US treasury bills bring smiles for money marketers

The previous week has brought signs of happiness for the American economy. The US Treasury bills hitting a record have finally fetched bright rays of hope for the buyers to fight against the European debt crisis. The miracle took place especially after the stringent warnings from several economic experts that the debt crisis in Europe can bring down the credit ratings of near about 15 euro zone countries. According to sources, the US bagged a huge demand of four-week T-bills at the $35 billion auction. Although the approaching year end stood as the biggest factor behind it, the euro zone crisis seems to be a growing concern for prudent investors.

Investors had shown willingness in paying a certain amount of premium for safety whereas T-bills have been trading with unattractive interest rates. In a few days, the European leaders will meet face-to-face to chalk out a framework designed to implement fiscal discipline within the 17-nation euro zone block. The German and French leaders desire to bring changes in the EU rules so that penalties can be imposed on states crossing deficit targets.

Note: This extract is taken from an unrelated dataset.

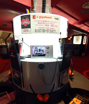 「gigabeat」のほうは、3.5型液晶の大画面でワンセグが楽しめるV30Eの各カラー(ピュアホワイト・マットブラック・クリムゾンレッド)が展示されている。携帯オーディオとしての機能はもちろん、ここでのアピールはやはりワンセグの視聴・録画。どの「gegabeat」も、ワンセグ受信状態になっている。この画面で「初めてワンセグの映像を目にした」という来場者も多いのではないかと思う。V30は液晶が大きいので、かなり本各的なテレビとして楽しめる。年末年始の帰省や旅行などでこの「gigabeat」があれば、交通渋滞や長距離の電車移動も楽しい時間になるかもしれない。

According to Raymond Gilmartin, one of the prime heads of New York’s Bank of Nova Scotia, the idea had not seemed encouraging that can make things fall in the right place. In fact, if the euro zone ratings downgrade, the banks will be left with no other options than lending money to each other.

Owing to the spreads between overnight indexed swap rates and three-month dollar Libor rates, the nervousness among banks seemed to grow with time. However, the rates widened just a few days ago and fetched 46 basis points. This extended the gap between the two.

Just after the Central banks reduced the expenses for borrowing dollars via swap lines, questions have been raised by investors whether banks use such cheaper credit rates. In the open market, banks usually borrow dollars from several financial organizations. In fact, every bank has a tendency to use the central bank to be the ultimate resort. Well, in this respect, the analysts will be eyeing on the increasing demand of the 3-month dollar tender during the first week of December.

Amazingly, 92 basis points were secured by the overnight indexed swap rates and the 3-month Euro Libor rates after the financial hassles encountered by the European economy. Despite high bank pressures, stock traders are noticing signs of optimism in the coming years.